[proofplan]
The proof is a direct application of the change-of-variables property for maximisation over a set. Given a bijective reparametrisation $h: \Theta \to \Phi$, the likelihood of the new parameter $\phi$ is defined as the likelihood of the corresponding original parameter $h^{-1}(\phi)$. Maximising over $\phi \in \Phi$ is therefore equivalent to maximising the original likelihood over $\theta \in \Theta$ via the substitution $\theta = h^{-1}(\phi)$. Because $h$ is a bijection, the maximum of $L$ over $\Theta$ is attained at $\hat\theta$ exactly when the maximum of $L^*$ over $\Phi$ is attained at $h(\hat\theta)$. We make this rigorous by reasoning about the suprema and the argmax sets.
[/proofplan]
[step:Fix the statistical model, the reparametrisation, and the induced likelihood]

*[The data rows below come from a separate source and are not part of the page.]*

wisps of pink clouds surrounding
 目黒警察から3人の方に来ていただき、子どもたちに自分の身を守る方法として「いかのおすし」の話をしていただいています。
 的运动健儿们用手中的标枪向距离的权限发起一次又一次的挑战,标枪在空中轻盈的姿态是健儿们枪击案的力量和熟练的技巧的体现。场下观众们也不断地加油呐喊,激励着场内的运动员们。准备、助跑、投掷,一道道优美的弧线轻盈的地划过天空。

Let $\{f(\cdot; \theta) : \theta \in \Theta\}$ be a statistical model and let $x \in \mathcal{X}^n$ be an observed sample. The [likelihood function](/page/Likelihood) is
\begin{align*}
L : \Theta &\to [0, \infty) \\
\theta &\mapsto f(x; \theta).
\end{align*}
Let $h: \Theta \to \Phi$ be a bijection (the reparametrisation) with inverse $h^{-1}: \Phi \to \Theta$. The induced likelihood in the new parametrisation is
\begin{align*}
L^* : \Phi &\to [0, \infty) \\
\phi &\mapsto L(h^{-1}(\phi)) = f(x; h^{-1}(\phi)).
\end{align*}
Assume that $L$ attains its maximum on $\Theta$ at some $\hat\theta \in \Theta$ (the maximum likelihood estimator). We must show that $L^*$ attains its maximum on $\Phi$ at $\hat\phi := h(\hat\theta)$, i.e., that the [MLE](/page/Maximum%20Likelihood%20Estimator) of $\phi$ is $h$ applied to the MLE of $\theta$.
[guided]
The statement of the theorem is a claim about how maximisation interacts with a bijective change of variables. Before proving anything, we have to be precise about what "the likelihood of $\phi$" means.

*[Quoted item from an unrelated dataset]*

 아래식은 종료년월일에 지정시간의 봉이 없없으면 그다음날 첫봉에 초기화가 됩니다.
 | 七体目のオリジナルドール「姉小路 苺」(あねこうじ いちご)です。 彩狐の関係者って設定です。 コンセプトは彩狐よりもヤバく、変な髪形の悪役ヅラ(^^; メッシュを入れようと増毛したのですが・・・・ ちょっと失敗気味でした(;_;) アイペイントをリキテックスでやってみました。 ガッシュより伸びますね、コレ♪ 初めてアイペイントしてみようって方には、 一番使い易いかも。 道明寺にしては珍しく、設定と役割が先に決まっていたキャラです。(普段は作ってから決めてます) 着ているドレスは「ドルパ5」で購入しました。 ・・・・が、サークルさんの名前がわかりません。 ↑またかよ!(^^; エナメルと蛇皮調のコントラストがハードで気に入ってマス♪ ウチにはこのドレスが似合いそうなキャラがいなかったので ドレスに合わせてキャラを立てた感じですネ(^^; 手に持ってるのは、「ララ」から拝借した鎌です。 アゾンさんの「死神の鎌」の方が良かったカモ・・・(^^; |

The original model parametrises densities by $\theta$: for each $\theta \in \Theta$, we have a density $f(\cdot; \theta)$. Given data $x$, the [likelihood function](/page/Likelihood) $L(\theta) = f(x; \theta)$ is a function of $\theta \in \Theta$.

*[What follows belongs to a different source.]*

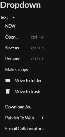 이렇게 Text라고 쓰여진 버튼? 을 누르면 위/아래로 선택할 수 있는 콤보 상자처럼 나오는 기능이 Dropdown이다. 이 기능은 '움직임'이 있어서 그런지 javascript를 initialize해야 사용할 수 있다.

If we reparametrise by a bijection $h: \Theta \to \Phi$, then each $\phi \in \Phi$ corresponds to a unique $\theta = h^{-1}(\phi) \in \Theta$, which in turn corresponds to a density $f(\cdot; h^{-1}(\phi))$. This is the density of the model at parameter $\phi$ in the new parametrisation — and it is the same density as before, just indexed differently. So the likelihood in the new parametrisation is defined as
\begin{align*}
L^*(\phi) := L(h^{-1}(\phi)) = f(x; h^{-1}(\phi)).
\end{align*}
This is not a computation — it is the definition of the likelihood under reparametrisation. The only substantive content of the definition is that the probabilistic model (the densities) does not change; only the labels on the parameter space change.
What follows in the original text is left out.